Shooting from a bench, or in the prone, with a scope on the highest magnification setting sure can make for some pretty little groups on paper at the range… it can also result in poor shots in the field. This is because that style of shooting, although great for testing the capabilities of a rifle system or for zeroing your scope, is horrible for encouraging proper trigger control, stability in real-world positions, and properly focusing on the reticle.

My simple mantra to accurate shooting goes something like this, “focus on the reticle, steady pressure on the trigger.”

Focusing on your reticle (or sights) is crucial to becoming a better shooter. Only by focusing on your reticle, instead of the target, can you know where you were aiming when the rifle fires. Modern scopes with very clear glass set on their highest magnification setting can make it very tempting to stare at the crisp and clear pretty target instead of the reticle. If this is happening to you, try turning down the magnification setting and/or shooting at a plainer target.

This goes beyond where you’re focused while shooting, it also includes being honest with yourself about what happened – especially if your shot was not as good as you intended. I encourage all of my students to “call their shots” by saying out-loud exactly where their reticle was as the trigger was pulled. By doing this, they not only become more aware of their reticle’s position, they can also identify if they pulled a shot in a particular direction.

If you know why you missed, you can work to improve. But if you don’t know why you hit, you can’t repeat it.

Shooting from a bench or while prone can hide some of the effects of improper trigger control and worse, it can encourage bad habits.

Surely we agree that stability is one of the keys to accuracy. However, practicing in unstable positions can make you a better shooter because I’ve seen very few shooting benches in the field and the instability can expose poor trigger control.

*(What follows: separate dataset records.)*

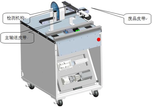 主皮帶運(yùn)行,接收上一站擰好蓋后的物料瓶子,當(dāng)物料瓶經(jīng)過(guò)檢測(cè)機(jī)構(gòu)時(shí):回歸反射傳感器檢測(cè)瓶蓋是否擰緊;檢測(cè)機(jī)構(gòu)檢測(cè)瓶子內(nèi)部顆粒是否符合要求;對(duì)擰蓋與顆粒均合格的瓶子進(jìn)行瓶蓋顏色判別區(qū)分;擰蓋或顆粒不合格的瓶子被分揀機(jī)構(gòu)推送到廢品皮帶上(短皮帶);擰蓋與顆粒均合格的瓶子被輸送到皮帶末端,等待機(jī)器人搬運(yùn)。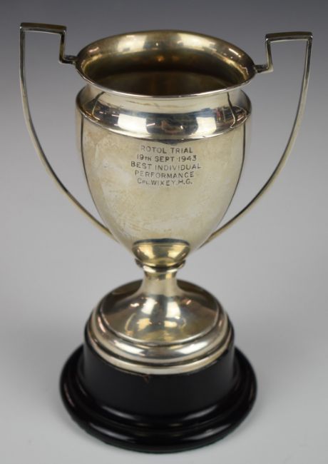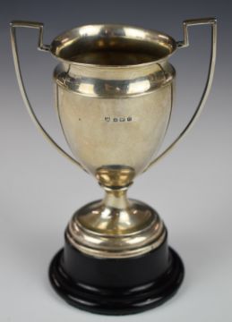 George V hallmarked silver twin handled trophy cup, Birmingham 1931, maker J A Wylie & Co, weight 110g, on ebonised base, overall height 17cm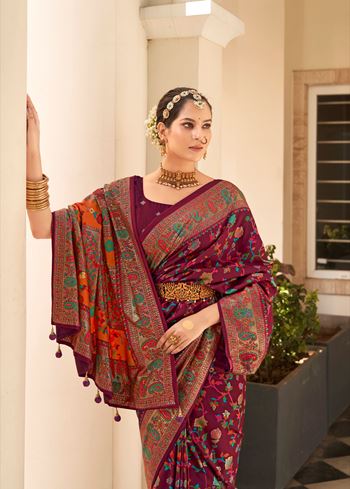 Paired with a matching wine silk blend blouse, this saree creates a polished and harmonious ensemble. Its lightweight yet sumptuous texture ensures effortless draping while maintaining a refined and majestic appearance. The intricate woven craftsmanship reflects traditional artistry, while the floral prints add a contemporary flair. Perfect for accessorizing with statement jewelry for grand events or subtle pieces for elegant gatherings, this saree offers timeless appeal and versatility.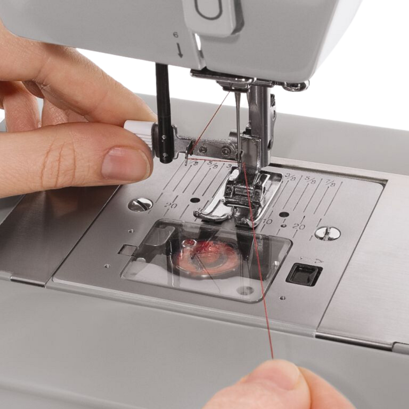 Complete with a heavy duty metal interior frame, stainless steel bedplate and extra-high sewing speed, this machine can sew through just about anything.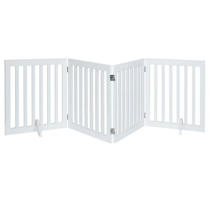 FREESTANDING INDOOR DOG GATEA free standing indoor dog gate helps to keep dogs and children safe.Even the best dog owner has tripped on their pup. Maybe a laundry basket got in the way or their leash got tangled around your ankles like a bola. No matter why it happened, you probably spent the next half an hour apologizing and trying to kiss your dogs boo-boos better. When you have a smaller dog, even a simple accident like this can prove disastrous. Luckily, adjustable freestanding dog gates can help keep Fido safe. Because of its sleek design and 360-degree rotation, this four-paneled pet gate is a great choice for any dog owner.While there are other gates on the market, many of them require you to drill holes in your plaster or topple over if theyre tackled by anything bigger than a Papillon. This sturdy freestanding dog gate with adjustable supports, is different. Firstly there is no drilling. Because it is sturdy it is perfect near stairs, in hallways and many other areas too.Because its white, it goes with almost any decor. So, grab one for yourself and save yourself 100 more apologies.SPECIFICATIONSColour:WhiteMaterials: Painted MDF;Stainless Steel HardwareSingle Panel Dimensions: W 50.8cm x D 1.8cm x H 61cmMaximum Opening Width: 186.5cmNumber of Panels: 4Product Weight: 9.2kgPlease note: To ensure adequate stability, we recommend this gate be installed in a “Z” formation and not a straight line.Sandbags or gripping pads beneath feet may be required to prevent movement by pets. For indoor use only.PRODUCT FEATURESPerfect for blocking off halls and stairwaysIts hinged design allows the panels to rotate a full 360 degreesSkid-resistant pads help keep the gate from sliding across tile and wood floorsThis free standing dog gates stabilized support feet mean it wont topple over at the slightest breezeIts bright white color will look great with almost any decorDoesnt ask you to drill holes in your wall or floor for anchoringBlocks your dog from potentially hazardous places, litterboxes, and other off-limit itemsGreat for corralling puppies during potty trainingSuitable for small to medium dogsNo assembly required (just unfold and add feet)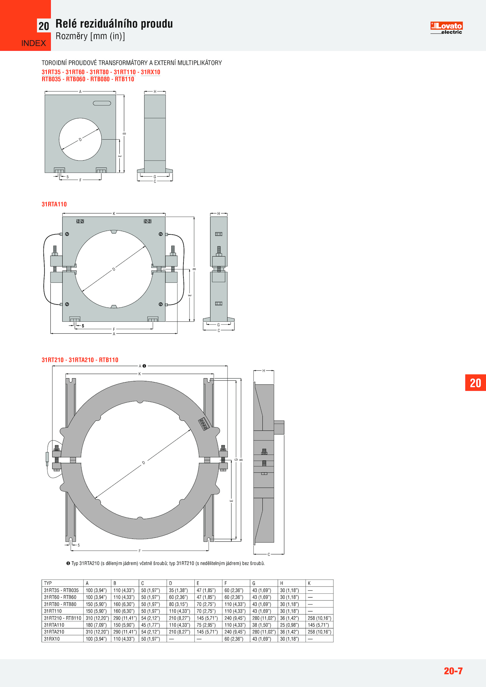 Typ 31RTA210 děleným jádrem) včetně šroubů; typ 31RT210 nedělitelným jádrem) bez šroubů.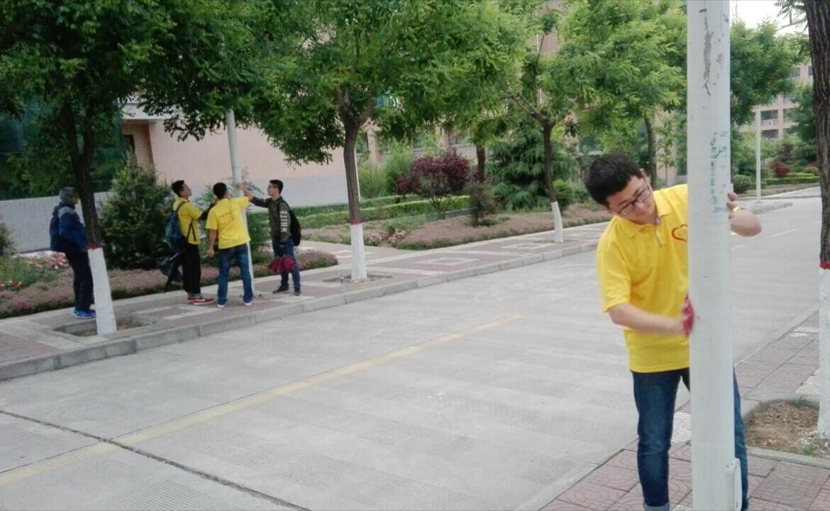5月7日下午6点,在吕老师的安排下,大家分工明确、配合默契,各就其位,去清理学校所有路灯表面的广告贴纸和异物,虽然天下着蒙蒙细雨,但大家热情高涨、态度积极,这一切丝毫没有影响大家的工作效率。在吕老师的带领下,同学们用了两个半小时的时间,把Beat365官网打扮的清爽洁净,焕然一新,大家无不被“众人拾柴火焰高”的工作效率所折服,这也在无形间验证了团结协作在活动中的重要性,大家坚信:只要同心协力,没有克服不了的困难。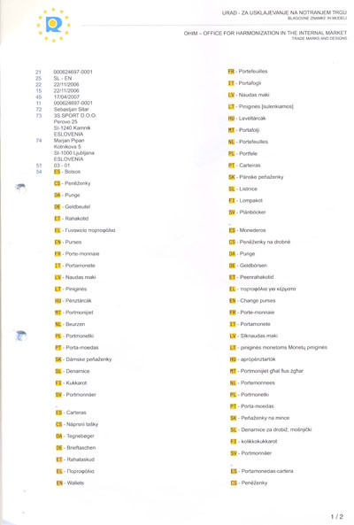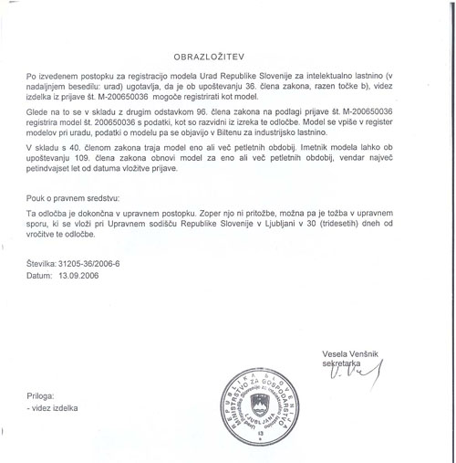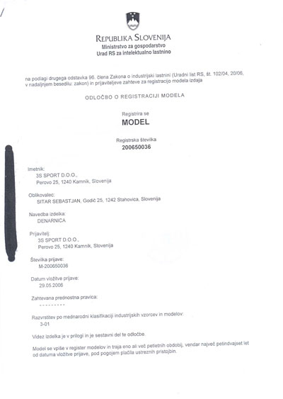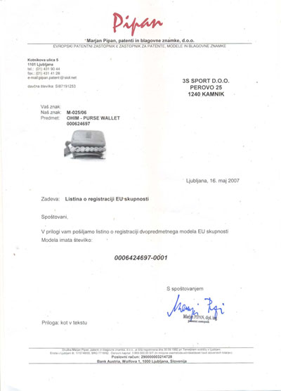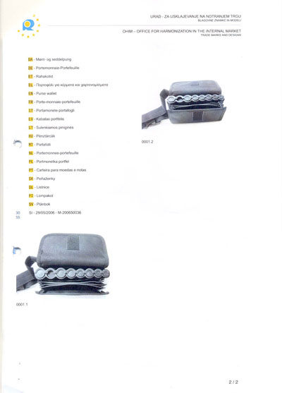Eurodenarnica je modelno zaščitena v državah EU in na Hrvaškem.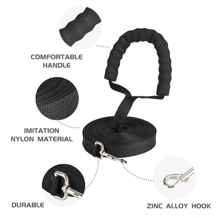 This pet leash is made of nylon, sturdy and durable, suitable for puppy, small medium and large dogs. Upgraded version of the sponge comfortable handle, not restrained.360-degree rotating metal hook, durable. A variety of optional length: 1.2 m / 1.5 m / 1.8 m / 3 m / 4.5 m / 6 m  / 10 m, suitable for indoor and outdoor dog lead rope. A pet leash is necessary for pets to go outdoors.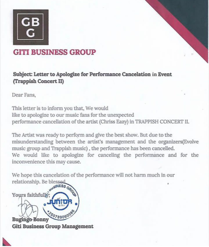 Ubuyobozi bwa Junior Giti Group, bwatangajeko umuhanzi wabo Chris Eazy, atazitabira kino gitaramo yari ategerejwemo bikomeye n’abafana be bamukunda bari baramaze kugira amatike.
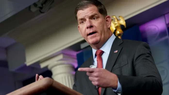 U.S. Secretary of Labor Marty Walsh recalled how his father, a construction worker, retired with a pension and annuity that has enabled his mother to remain financially stable when he died.

First, practicing and becoming comfortable in real-world positions will clearly help you prepare to execute an unstable shot in the field. But, it’s also excellent training for improving shooting in general. If you’re shooting from a kneeling position, for example, and you “jerk the trigger,” you’ll see the corresponding movement in your rifle that can sometimes be hidden if the rifle is resting solidly on sandbags on a fixed shooting platform. This is, of course, only if you’re watching your reticle.

In addition to exposing your trigger control weaknesses so that they can be fixed, unstable shooting positions can also teach you to apply proper pressure to the trigger to fire the rifle. If you’re anything like me, you’ve said to yourself while shooting, more than once, “a little left, a little more, slightly lower, right about there, nope a little higher, NOW!” This comes from trying to be too accurate and usually leads to “jerking the trigger.”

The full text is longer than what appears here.